◆ **INFORMATION GIVEN**

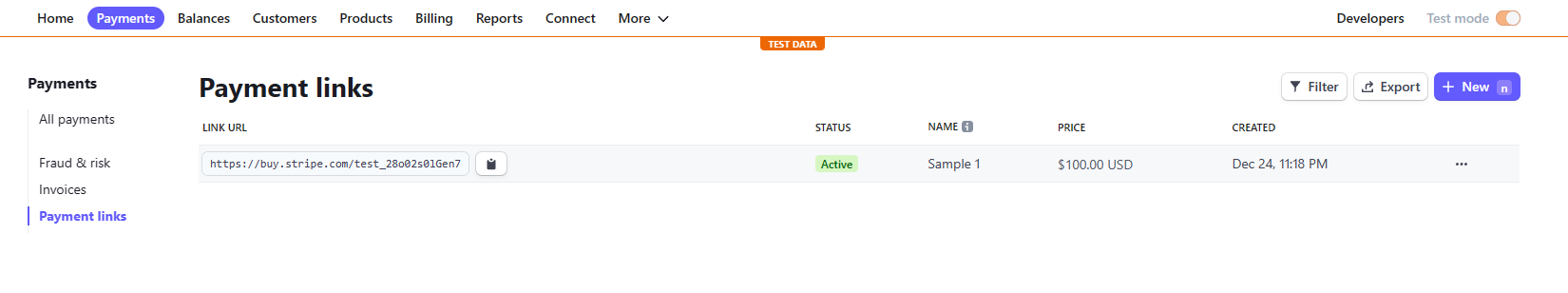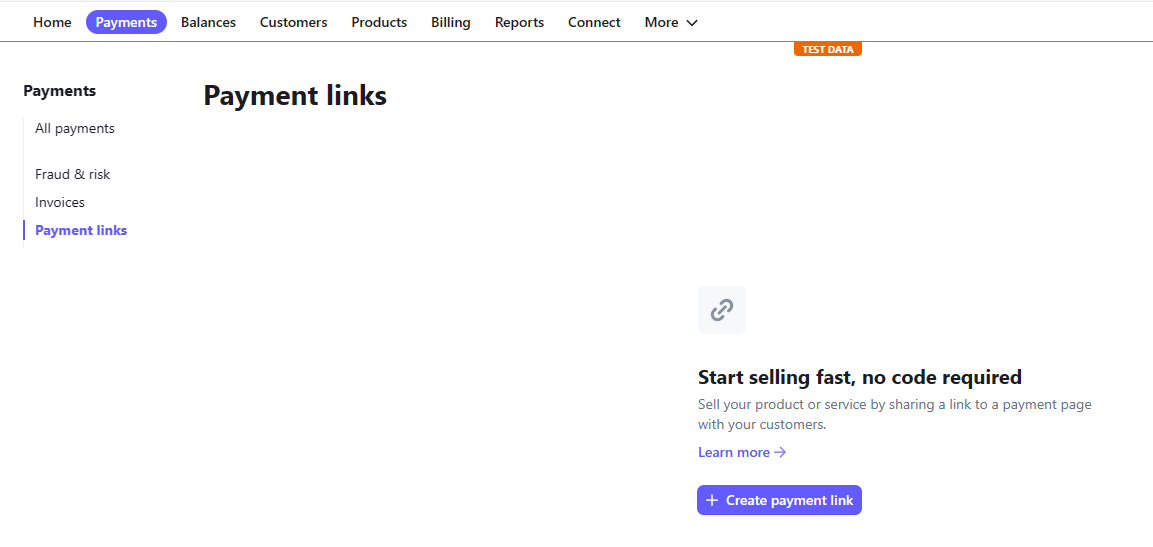 - Inside Payments, click on Payment links on the right menu and choose + Create payment link.
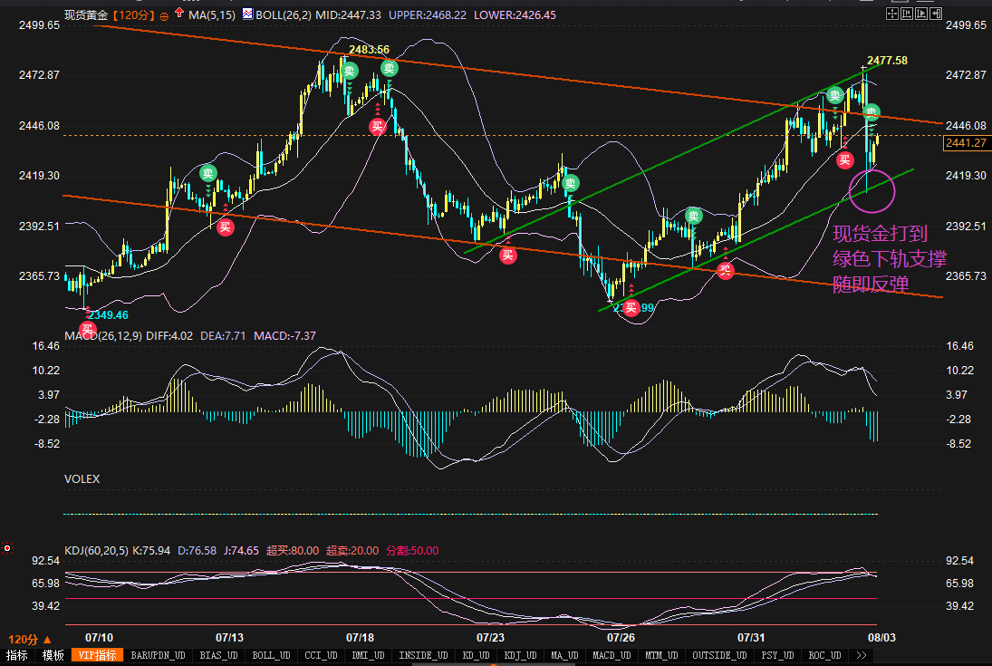 现货黄金非农后的暴跌,是直接从如图绿色通道的上轨直接暴跌到通道下轨支撑位2410一线,然后反弹。
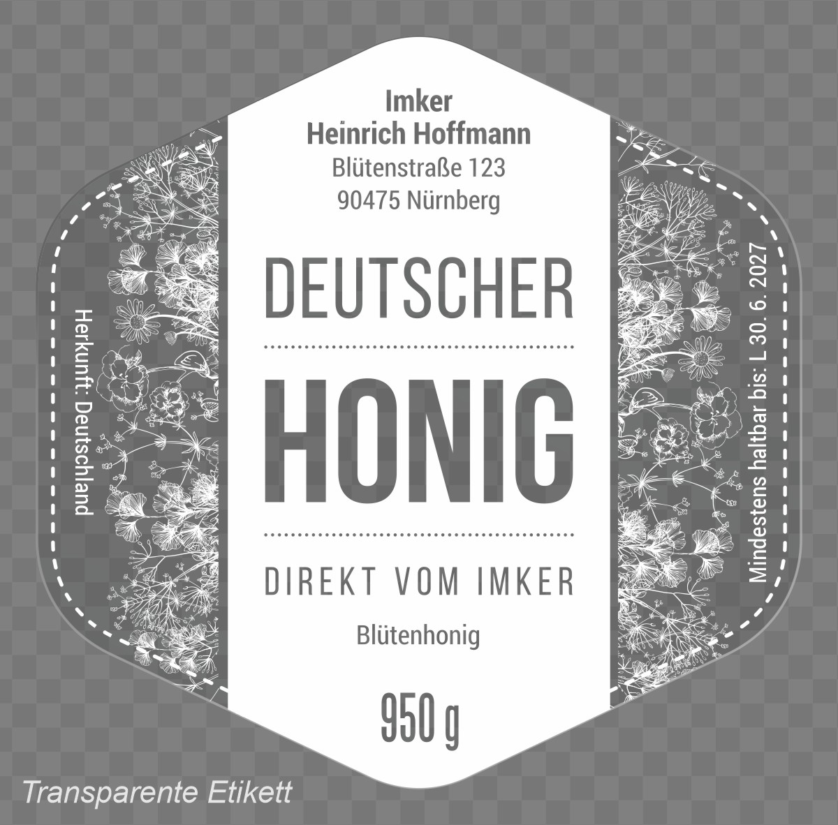 In den Warenkorb wurde gelegt Transparenter Honigaufkleber – Farbe Weiß – emh2trans-bw 11
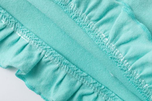 Baby girl shorts with an elastic waistband. Ruffled hem. Star detail on the front. Green.
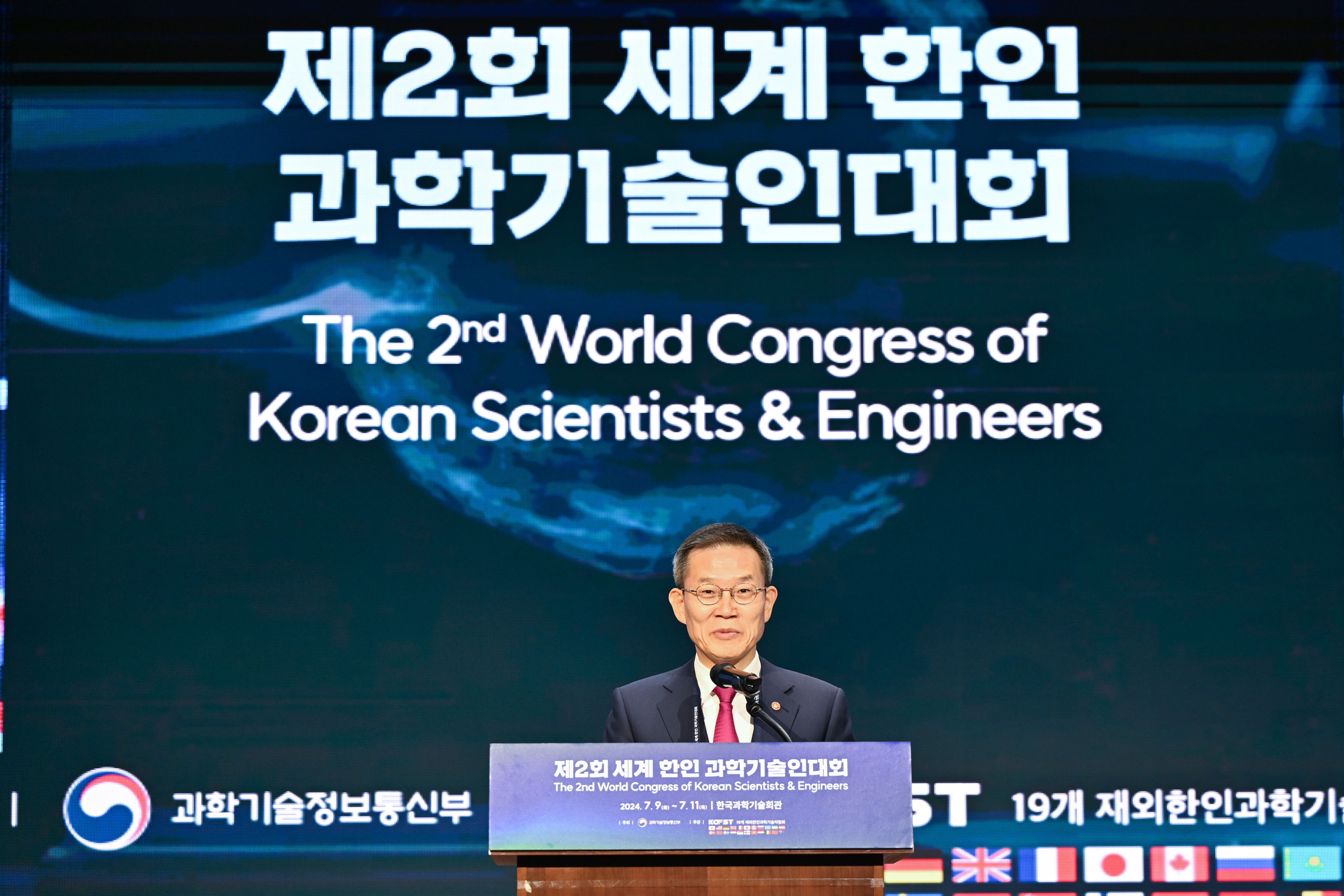개회식_3. 이종호 과기정통부 장관이 7월 10일 한국과학기술회관에 열리는 '제2회 세계 한인 과학기술인대회'의 개회식에서 축사하고 있다.
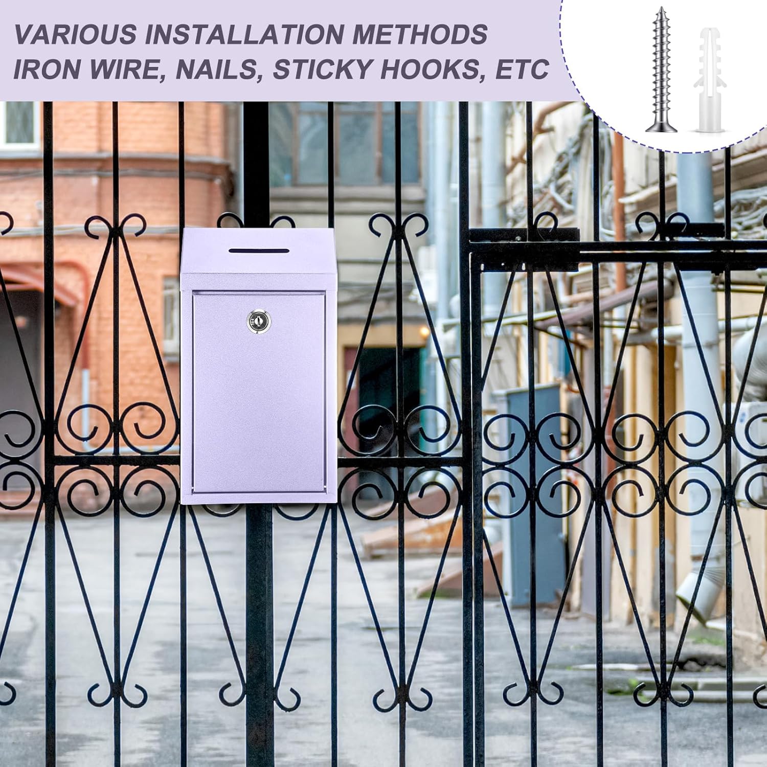 - Delicate Design: the top of our mailbox wall mounted outdoor is designed with a rainproof cover, which can effectively prevent rain from entering the mailbox; There is a small square mouth under the cover, which can facilitate your daily delivery of letters and other items; The keyhole design of the product is on the front, which can facilitate you to take out the items in the mailbox at any time
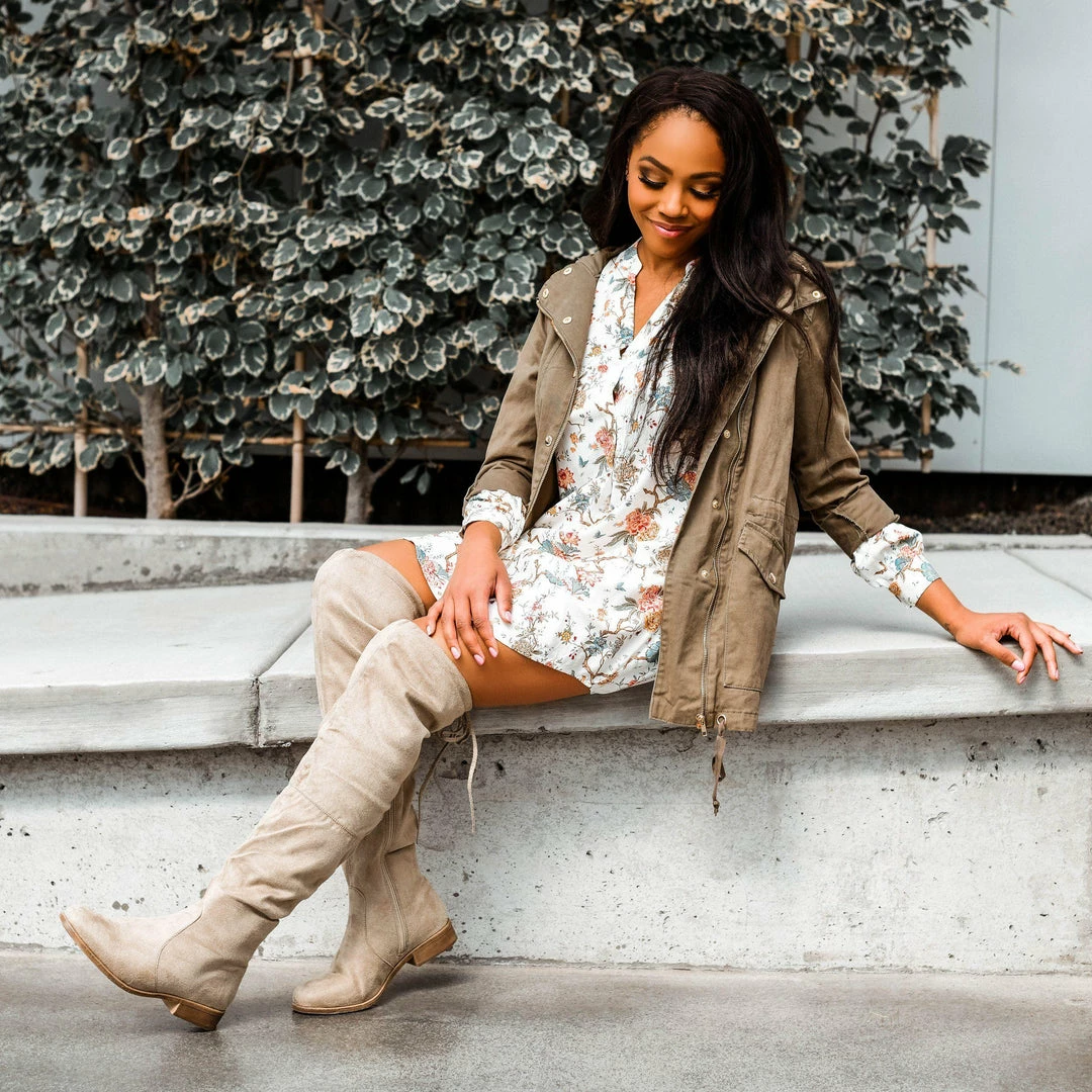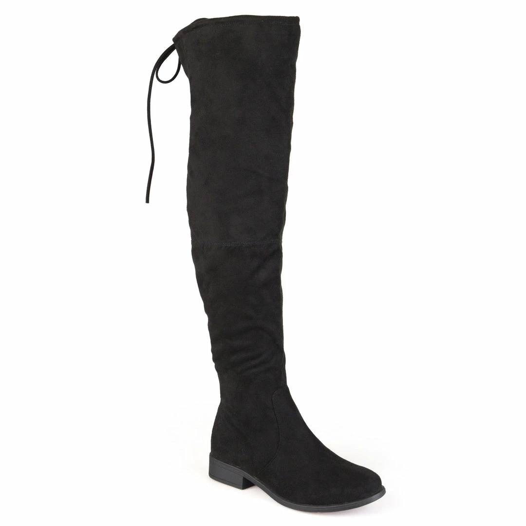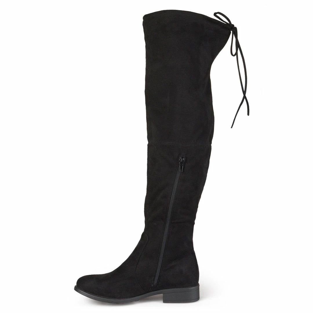A tie-at-the-back closure and low block heel detail this buttery soft vegan suede over-the-knee boot for a foxy look.
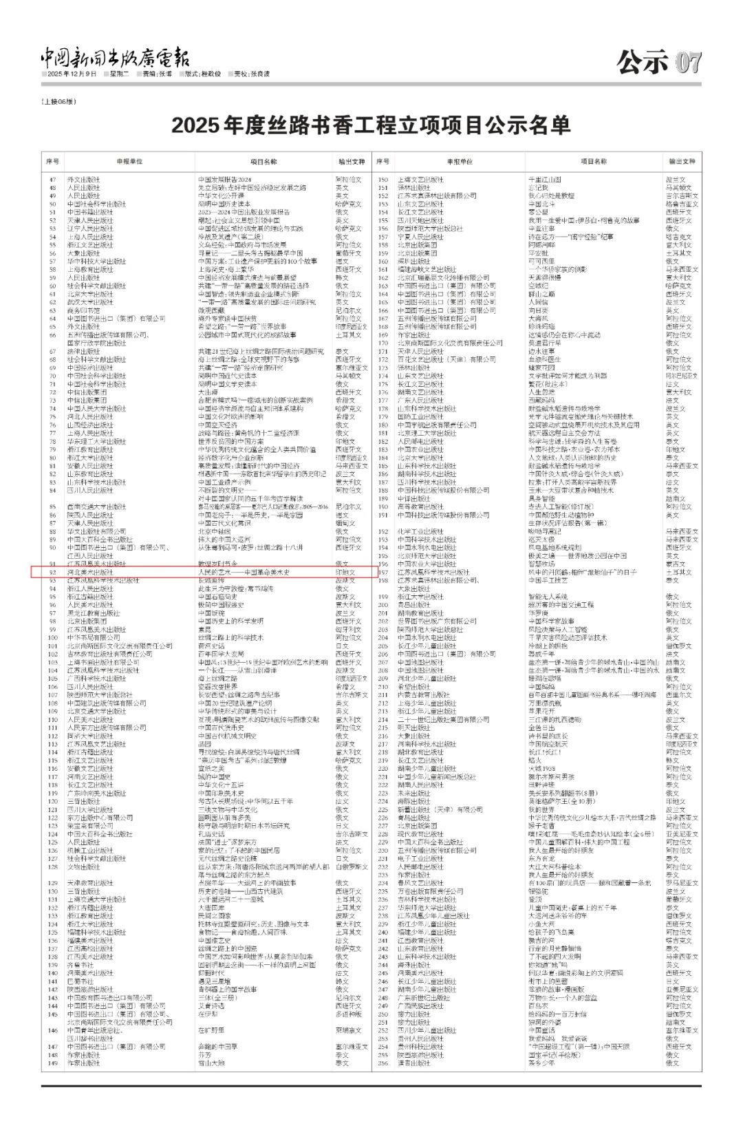 近日,2025年国家“走出去”重点工程“丝路书香工程”立项名单公布,河北美术出版社《人民的艺术——中国革命美术史》印地文版成功入选。
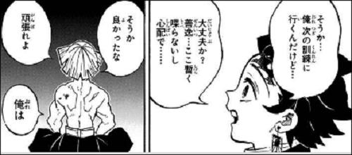 岩柱・悲鳴嶼行冥の柱稽古の訓練中に届けられたもので、その手紙を受け取って以来、善逸は口数が減り、いつもの騒がしい様子が見られない異様な状態になってしまいました。
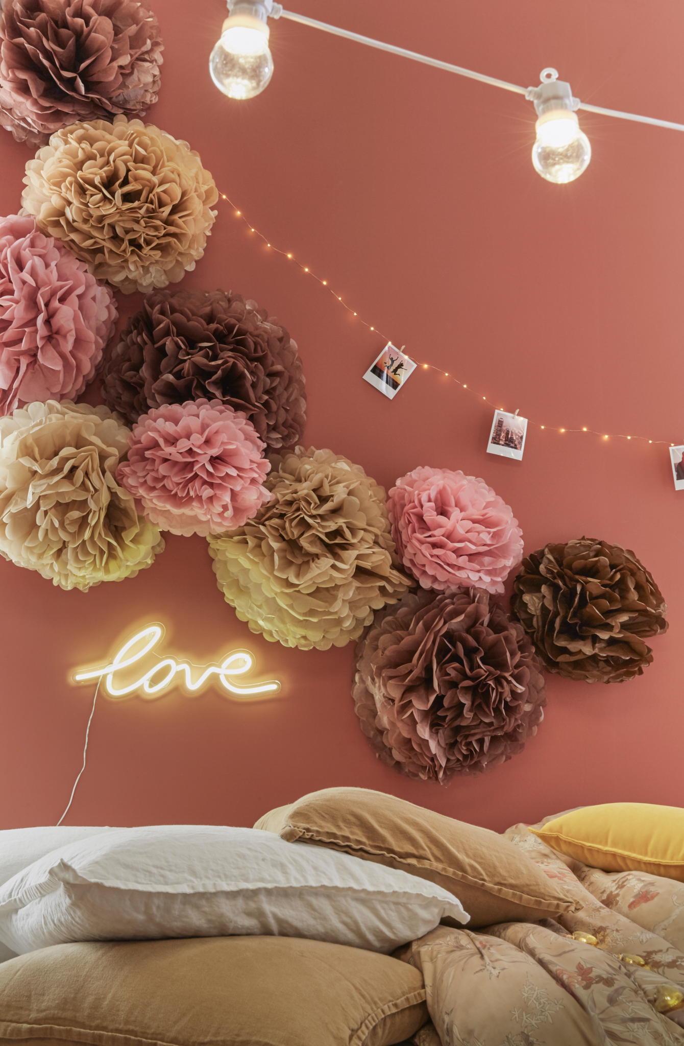 А еще можно наклеить на стену крупное слово «LOVE», что всегда выглядит романтично и красиво:
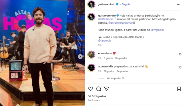 Gustavo Mioto usou o Instagram para convidar os fãs para assistirem ao programa. “Hoje vai ao ar nossa participação no Altas Horas. É sempre muito massa participar. Muito obrigado pelo convite, Serginho”, disse o cantor.

◆ **ACTIVITY**
When you copy the lines above, drop the pictures and keep everything else exact.

◆ **THE COMPLETED TASK**
 - Inside Payments, click on Payment links on the right menu and choose + Create payment link.
 现货黄金非农后的暴跌,是直接从如图绿色通道的上轨直接暴跌到通道下轨支撑位2410一线,然后反弹。
 In den Warenkorb wurde gelegt Transparenter Honigaufkleber – Farbe Weiß – emh2trans-bw 11
 Baby girl shorts with an elastic waistband. Ruffled hem. Star detail on the front. Green.
개회식_3. 이종호 과기정통부 장관이 7월 10일 한국과학기술회관에 열리는 '제2회 세계 한인 과학기술인대회'의 개회식에서 축사하고 있다.
 - Delicate Design: the top of our mailbox wall mounted outdoor is designed with a rainproof cover, which can effectively prevent rain from entering the mailbox; There is a small square mouth under the cover, which can facilitate your daily delivery of letters and other items; The keyhole design of the product is on the front, which can facilitate you to take out the items in the mailbox at any time
A tie-at-the-back closure and low block heel detail this buttery soft vegan suede over-the-knee boot for a foxy look.
 近日,2025年国家“走出去”重点工程“丝路书香工程”立项名单公布,河北美术出版社《人民的艺术——中国革命美术史》印地文版成功入选。
 岩柱・悲鳴嶼行冥の柱稽古の訓練中に届けられたもので、その手紙を受け取って以来、善逸は口数が減り、いつもの騒がしい様子が見られない異様な状態になってしまいました。
 А еще можно наклеить на стену крупное слово «LOVE», что всегда выглядит романтично и красиво:
 Gustavo Mioto usou o Instagram para convidar os fãs para assistirem ao programa. “Hoje vai ao ar nossa participação no Altas Horas. É sempre muito massa participar. Muito obrigado pelo convite, Serginho”, disse o cantor.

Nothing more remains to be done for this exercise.